Letters had been stained. Postcards had their uncensored remaining words blurred. A bead of solder rolled from under a partly unravelled woollen sock whose holes outnumbered the rest. Elation filled him. Solder—lead and tin from the seams of the cans—was being gathered and that could only mean they’d a definite use for it.

Tunic buttons, cap badges and Iron Crosses, et cetera, the beads melted in one of their blowers and cast into those blanks to be later meticulously painted but where? Not here, he knew, letting his gaze sift slowly over the rubbish, asking too, Had Dorsche removed the evidence of those blanks early this morning?

He couldn’t have. He would have had the combine put on Straf and would have cleaned this place out.

A much needed pair of work gloves awaited further stitching, having been fashioned out of scraps of cloth. A bit of grey-green fabric—nothing more than a tunic’s lapel in size—matched the shade of the uniforms of those the French had come to call les haricots verts, the green beans, the Wehrmacht’s finest.

Newspapers had been sewn into a hood to give warmth—he and others had done the same in that other war. The smell of a smashed bottle of cheap scent rushed at him as he lifted a soggy wad of newspaper from the remains of that hood, dehydrated peas and carrot cubes now underfoot.

Caught among the rubbish, the fist-sized carving of a long-haired, voluptuous naked woman gazed fiercely up at him from her chariot. Armbands of beaten gold, a torque of the same and a quiver of javelins completed the attire, the one in her hand broken off during the search.

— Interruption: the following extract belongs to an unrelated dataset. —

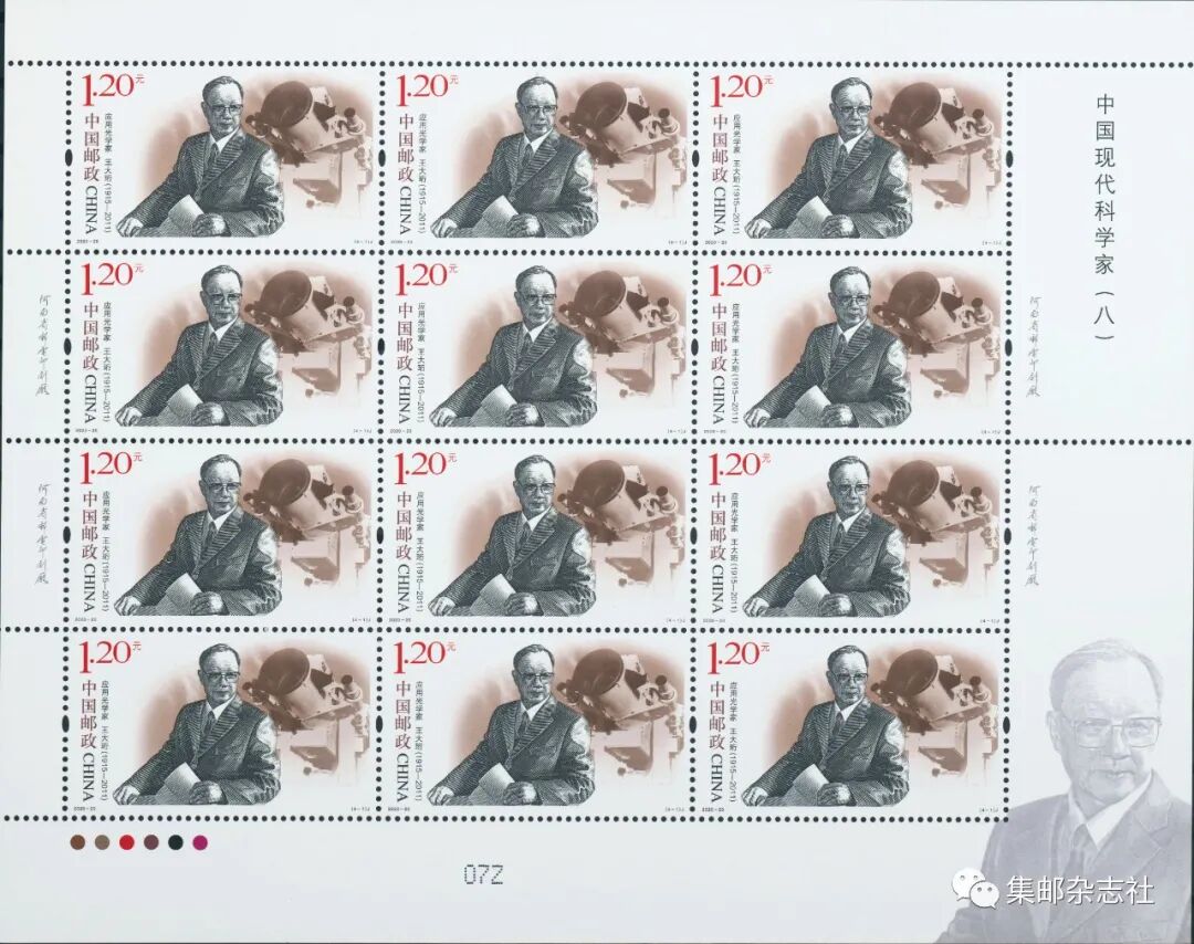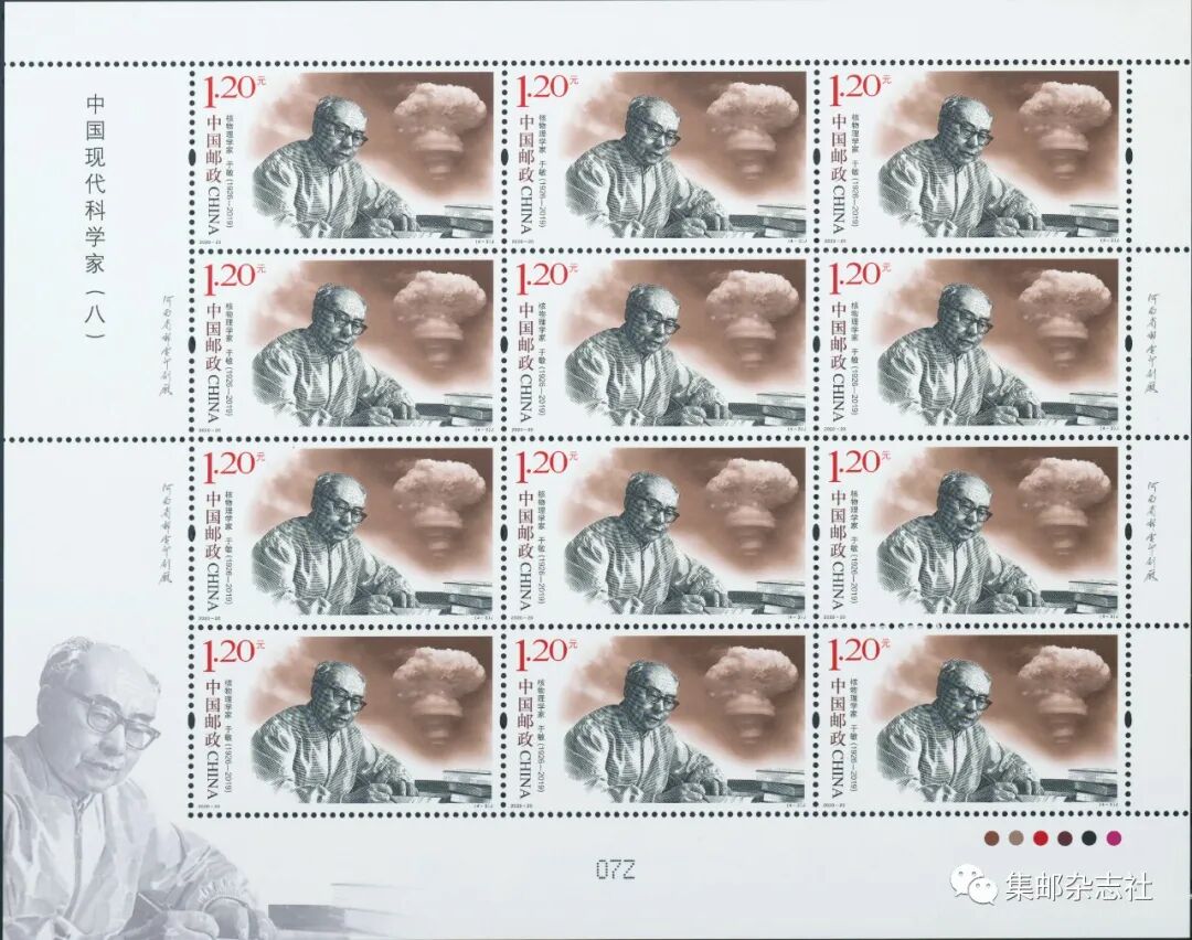 于敏,核物理学家。解决了我国氢弹原理突破中一系列的基础问题,长期领导核武器理论研究和设计,对我国核武器进一步发展到国际先进水平作出了重要贡献。该枚邮票背景为我国第一颗氢弹试验成功画面。

Rescuing the carving that the assistant machinist must have done, he cleaned it off with pages from the Kölnische Zeitung of Monday, 4 January 1943, only to hesitate, to pocket the carving and to quickly scan the columns. Kathe … Maria … Angela … ‘Karen is at the age where a girl desires children. She is 175 cm tall (5’9”), weighs 54.4 kgs (120 lbs.), has a good figure if just a little big in the bust, likes to dance and to party, to go to the cinema and take long walks …’ Ach, hadn’t he read this before? ‘Reads romance novels but finds them insufficient for her needs. Wishes to meet a man who is gentle and kind and older than herself so that a mature hand can give guidance to a sometimes frivolous nature. Preferably he will appreciate Herr Wagner’s music as much as she does. Der fliegende Holländer perhaps.’ The Flying Dutchman. ‘Apply Box 1043.’

Pages from the Berliner Morgenpost were here too, from the stuffing of that hood. Those of the Deutsche Allgemeine Zeitung and Tageblatt but earlier issues, and then … Wednesday, 20 January 1943, the Münchner Neueste Nachrichten. ‘Beate is blonde, blue-eyed and lonely. At the age of 27, she finds herself still a virgin. Friends say she is too rambunctious, that she needs guidance and should seek someone much older. One who likes swimming, sunbathing and the superb Deutsche Grammophon recordings of Das Rheingold and Die Walküre. If you are that man, apply Box 1379 and include a snapshot, please.’

Dorsche hadn’t seen this either.

From one of the wire-meshed windows there was a view of the root cellar’s entrance, still closed—Louis could take forever talking to a corpse. There was also a view of the administrative block and all the way down it to a garage.

To his right, to the south and just beyond the outer perimeter, a goods train was backing along a siding, the slogan RÄDER MUSSEN ROLLEN FÜR DEN SIEG! splashed in sooty white paint on its engine and coal tender. Wheels must roll for victory.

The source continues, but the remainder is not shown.